Create multiple strategies for making the sums of the sides the same.
Create multiple solutions (and search for patterns between them).
Create new questions to explore (by changing the numbers, the number of circles per side, the shape, etc.)

Reflecting and Extending

I notice there are two solutions for a sum of 17 (assuming small changes don’t count as new solutions).
I notice that the corners must be 1, 2, and 3 in order to get a sum of 17.
I wonder why the corners must be 1, 2, or 3 in this case.
I wonder what the smallest and largest possible sums are.
I wonder what would happen if there were more or fewer circles on each side of the triangle.
I wonder if there are patterns to the smallest or largest sums for different numbers of circles on each side.
I wonder what would happen if the circles were arranged into a square instead of a triangle.
I wonder how many solutions there would be if every small change counted as a new solution.

Notes

Most people do not consider solutions to be new if they (1) exchange numbers in the middle of a side, (2) reflect the numbers in the triangles between a pair of sides, or (3) rotate the numbers in the triangles. In this case, there are two solutions for a sum of 17.

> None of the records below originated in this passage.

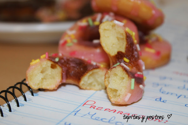 La receta es del blog de la cocina de Morilands, que también es maestro y ya había llevado esta receta a sus alumnos, por lo que me daba garantías de que saliera bien, porque sabor a donuts no tiene, es más bien como una rosquilla abizcochada, pero están muy buenas y la cobertura de chocolate y la glasa ayuda mucho.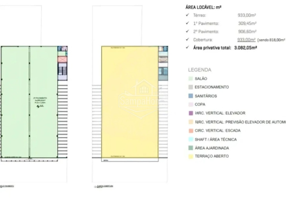 Rooftop de 933m², sendo 818m² ao ar livre perfeito para eventos, áreas de convivência ou espaços criativos
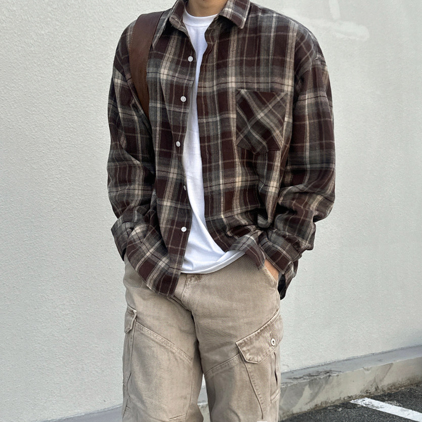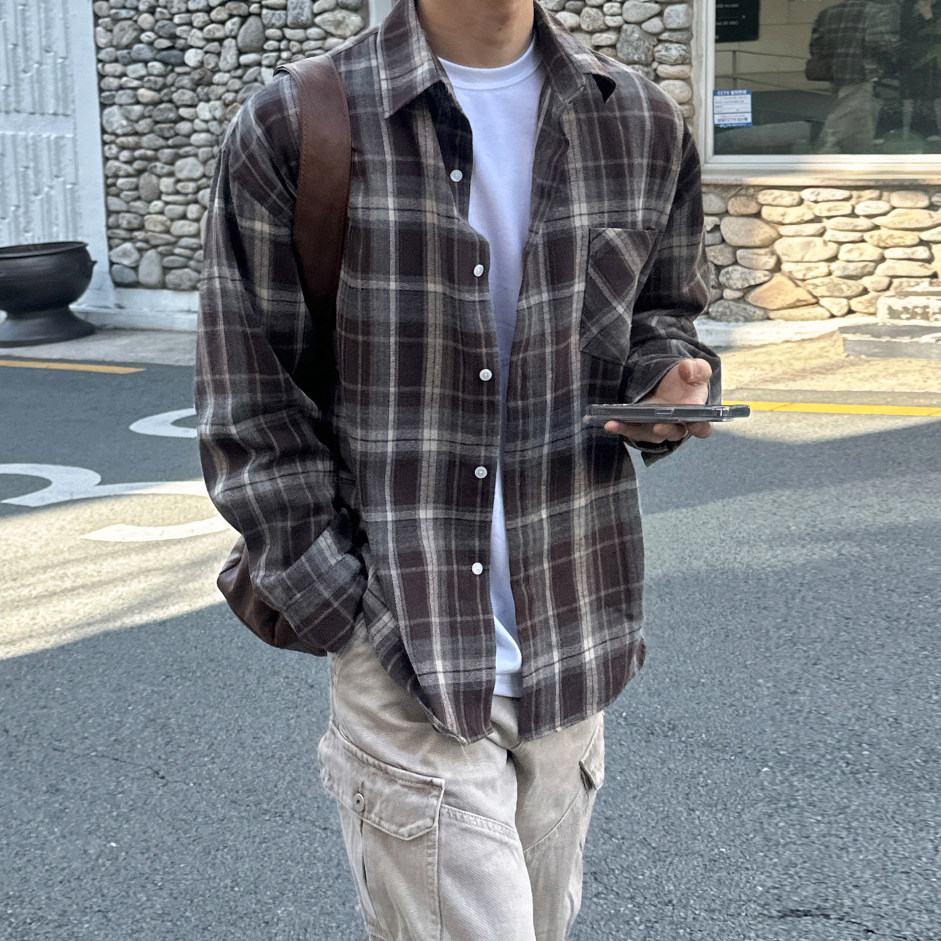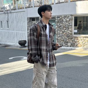 新款 男2026春季 休闲衬衣韩系宽松通勤穿搭 衬衫 MRCYC复古格子长袖
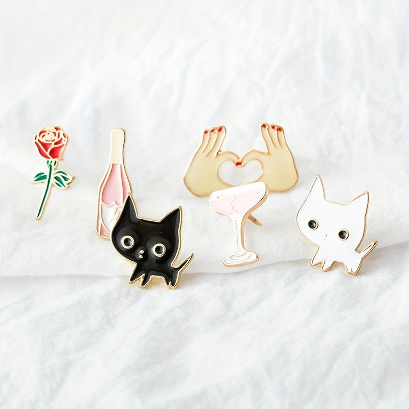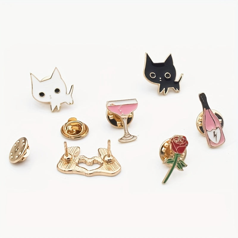 Add a touch of feline charm to your outfit with this cat brooch that features a wine bottle and glass design. This versatile accessory can be worn on clothing and adds a unique flair to your style.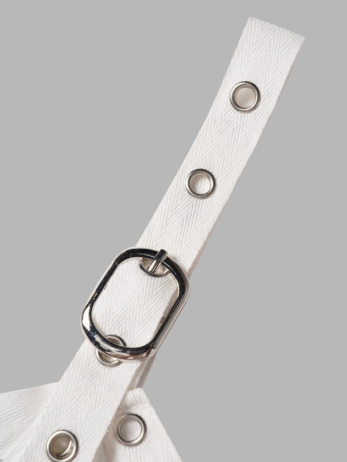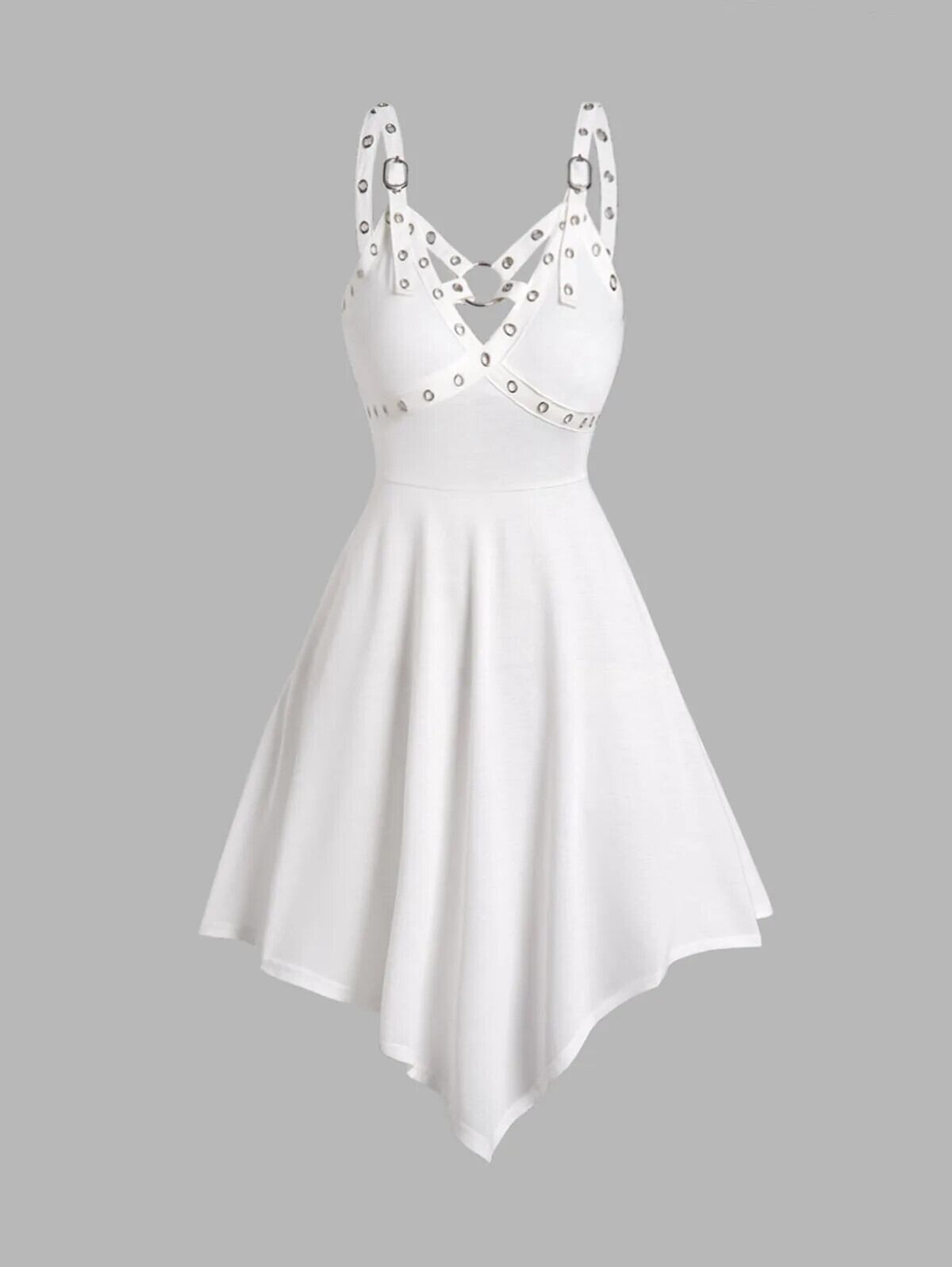 送料無料 ホワイトカラーアイレットバックルストラップ O リング非対称ドレス女性ソリッドカラーウエストノースリーブローブ 2023 指輪 AE1212665655684267978300

The corner numbers must be 1, 2, and 3 when the sum is 17. To see why, think of these two sums:

1 + 2 + 3 + 4 + 5 + 6 + 7 + 8 + 9 = 45 and 17 + 17 + 17 = 51

At first, you may think that the sums should be the same, because they involve adding the numbers around the triangle. However, 17 + 17 + 17 counts each corner twice. Therefore, the corners must account for the difference 51 – 45 = 6. The only way to make 6 in this case is 1 + 2 + 3!

For a more structured version of the problem, along with detailed solutions and suggestions for facilitating conversation see Triangle Sums, a free activity from my book Advanced Common Core Explorations: Numbers and Operations.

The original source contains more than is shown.